Feedback is only accepted as comments directly within the Figma file, not via email, lists, or other channels. This is the only way to maintain a clear visual reference to the design.
We review the feedback and communicate what will be implemented, what falls outside the agreed scope, and what we have resolved differently for design or technical reasons, each with a brief explanation.
Content Delivery
Before development begins, all page content must be finalized and placed directly within the approved Figma design files. This is the exclusive delivery format for static pages. We do not accept content via email, Word documents, PDFs, or any other external channel.
For repeated page structures, such as product or solution templates used across multiple individual pages, the client duplicates the relevant frame in Figma for each instance and fills it with the final text and assets. Each frame represents one page, fully populated and ready for build.

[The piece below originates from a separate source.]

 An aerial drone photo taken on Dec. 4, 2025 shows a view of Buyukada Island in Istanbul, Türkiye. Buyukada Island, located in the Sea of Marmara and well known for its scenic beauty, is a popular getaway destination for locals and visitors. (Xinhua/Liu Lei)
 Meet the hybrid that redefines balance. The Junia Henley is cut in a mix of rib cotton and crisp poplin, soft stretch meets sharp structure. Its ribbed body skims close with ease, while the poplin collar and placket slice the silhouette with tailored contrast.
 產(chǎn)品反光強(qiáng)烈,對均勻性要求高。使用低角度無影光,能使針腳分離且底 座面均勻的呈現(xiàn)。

Once all content is in place, we perform a pre-development audit to verify that text lengths, image formats, and asset dimensions are layout-compatible. Development does not begin until this audit is passed.
CMS Content
For CMS-driven content types such as blog posts, case studies, or press releases, delivery via Figma is not required. Instead, we provide a Webflow-compatible CSV template that the client fills with their content and returns to us before the build begins. We then import the entries into Webflow. Post-import cleanup, such as internal links, tables, or embedded elements, is the client’s responsibility and is not included in the project price.
If content is not available in a CSV-importable format, an alternative approach is to transfer content manually from an existing website, including any required cleanup work. This option must be scoped and agreed separately before work begins.
Multilingual Projects
For multilingual projects, Figma content is delivered in the primary language only. Secondary language content is entered directly into Webflow Localization by the client, independently of the Figma file. This applies as the standard approach, not an exception.
Content Lock
Before development begins, the client is given a defined window to finalize all content directly within the approved Figma file. Once the client confirms that all frames are fully populated and ready, we perform a pre-development audit and formally close the content for that stage. This is the content lock.

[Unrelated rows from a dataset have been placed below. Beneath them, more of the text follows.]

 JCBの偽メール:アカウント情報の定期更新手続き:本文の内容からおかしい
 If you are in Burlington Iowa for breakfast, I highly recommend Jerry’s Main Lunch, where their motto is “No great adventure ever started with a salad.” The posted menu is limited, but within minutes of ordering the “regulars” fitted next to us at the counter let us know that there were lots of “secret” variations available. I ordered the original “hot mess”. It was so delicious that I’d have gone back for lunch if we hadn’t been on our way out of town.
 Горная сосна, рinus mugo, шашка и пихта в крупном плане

From this point forward, the locked content is treated as binding. Text changes, asset swaps, or structural additions are no longer part of the current scope and will be handled as change requests at the agreed hourly rate.
Projects with master templates
For projects with master templates, the content lock occurs after the design is approved. The client populates all template instances in Figma, confirms completion, and the audit is passed before development begins.
Projects without master templates
For projects without master templates, the content lock occurs after the wireframes are approved and before the visual design begins. The client fills in all content directly within the wireframe frames, confirms completion, and that content serves as the structural and editorial baseline for the entire design phase.
In both cases, the client receives explicit confirmation from us when the content lock is in place. The next phase does not begin until this confirmation has been issued.
Capacity and Project Delays
We plan our capacities across projects and align on this transparently during the kickoff, including vacation periods on both sides. Client-side delays in providing feedback result in the project being rescheduled in our planning. We cannot guarantee continuity in such cases.
Concretely: if a delay runs into our vacation periods or capacity constraints, the project is paused until it can be resumed. This is not a penalty. It is the logical consequence of cross-project capacity planning.